3.1.2 Experimental data with KOs

To test that our proposed VBEM method, given informative priors, can improve the accuracy of experimental data quantification, we performed an experiment that we refer to as equivalence class KO. Alevin’s pipeline for dscRNA-seq quantification has multiple phases. After the initial phase of cell barcode whitelisting and read mapping, alevin outputs an intermediate file. This file contains details of the transcript equivalence classes, including the associated cell barcodes and UMI counts. These equivalence classes are similar to the gene-level equivalence classes explained before, except that the class labels are transcripts that share UMIs after the deduplication step. We observe, that a majority of the genes assigned to Tiers 1 and 2 after UMI deduplication are the ones associated with transcript equivalence classes of size 1 (labeled by a single transcript). In order to increase ambiguity in this data, we can remove all the transcript-unique equivalence classes from the intermediate file, with the expectation that this KO will result in a number of genes migrating from Tiers 1 to 3, as demonstrated in Figure 6a. In essence, by doing this, we are removing some of the read evidence that will eventually lead to high confidence gene abundance estimates in Tiers 1 and 2. The impact of this on the distribution of Tier 3 genes in the PBMC dataset is shown in Figure 6b. This shows that the KO process results in an increased number of genes that are assigned Tier 3 across all cells. Note that the KO dataset will also have a smaller number of UMIs, because of the removal of unique equivalence classes from the intermediate file, but this will not impact our comparative analysis, as explained below. Also, note that we only knock out here equivalence classes that are transcript-unique, and that there will still be a considerable number of gene-unique equivalence classes after parsimonious UMI deduplication has taken place.

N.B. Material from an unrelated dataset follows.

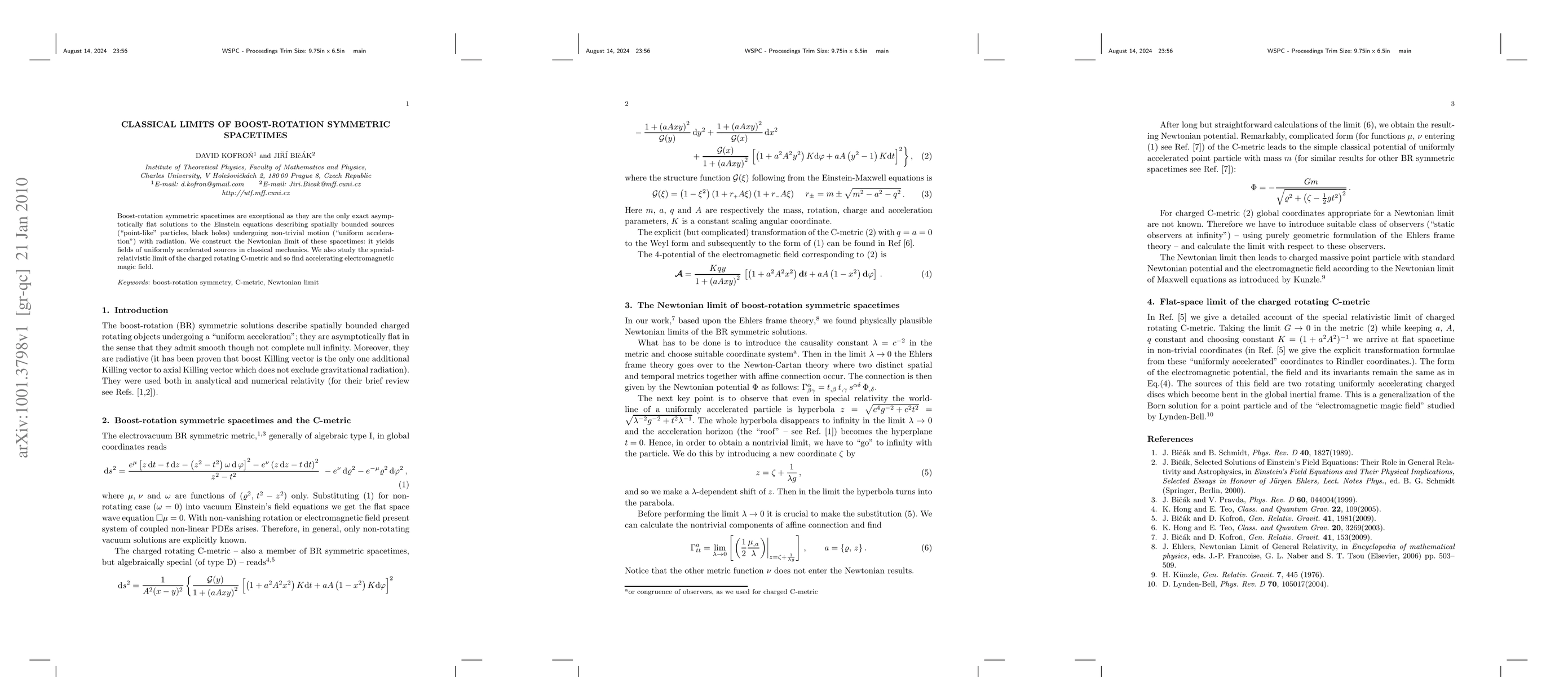 This paper explores boost-rotation symmetric spacetimes, which are unique exact solutions to Einstein's equations for spatially bounded sources in non-trivial motion. It constructs the Newtonian limit, revealing fields of uniformly accelerated sources in classical mechanics, and examines the special-relativistic limit of the charged rotating C-metric, uncovering an accelerating electromagnetic field.

Fig. 6. — (a) A toy example explaining the KO experiment. We use the equivalence classes from an alevin (EM based) run on the full PBMC dataset and remove all the transcript-unique equivalence classes to generate a KO sample. In the example, assume each gene has a single transcript. (b) The distribution of number of genes against the fraction of cells that have Tier 3 assignment for these genes both in the original dataset and the KO dataset, with a shift toward more Tier 3 assignments and increased ambiguity. (c) In the KO framework, to validate the improved Bayesian approach, we designed the following pipeline. We quantify the full human PBMC dataset (4340 cells) cells and randomly divide the experiment in two equal parts (A and B). We knockout unique equivalence classes in Set A (2170) cells and repeat the quantification step to generate EM-based estimates. In parallel, we also quantify Set A KO dataset using Bayesian priors. These priors are learnt from Set B, without the KOs, and quantified initially using the EM approach. This gives us the VBEM estimates on Set A for comparison. (d) Comparison of the cell-wise Spearman correlation for Tier 3 genes from EM-based alevin with VBEM-based, prior enhanced alevin on real data with KOs (removal of unique equivalence classes). This shows improved estimates under VBEM, with a higher correlation against the initial dataset, without KOs

In order to ensure that we have cells with high confidence quantification estimates to provide our KO cells with an informative prior, we did not perform the KO procedure on the complete PBMC dataset. Instead, we took the alevin quantification estimates on the PBMC dataset, which has 4340 cells, and divided it into two sets containing equal numbers of cell barcodes. One of these sets, A, is our test set from which we KO unique equivalence classes and the other set, B, is used to generate priors. Iteratively using the Seurat anchoring algorithm as before, we first find anchors for set A in set B, then obtain priors from set B and run the alevin VBEM quantification method. We also quantify the KO set A using the EM-based alevin method. These steps are outlined in Figure 6c. Observe that there can be a bias in the tier assignment of genes that are anchors for Tier 3 genes in the KO experiment. This is because we are removing equivalence classes only in set A. Hence, the ratio of anchor genes in set B that are assigned Tiers 1 and 2 in KO may be higher than in the real dataset. This can amplify the accuracy of the VBEM method in the KO experiment, but will also reflect the actual gain possible for this methodology under varying circumstances, such as in samples with higher read depth. Note that we cannot run Cell-Ranger on this dataset because it utilizes the intermediate file output by alevin, which cannot be processed directly. However, we expect similar results as those observed in simulated data, since multi-mapping genes are not quantified by Cell-Ranger.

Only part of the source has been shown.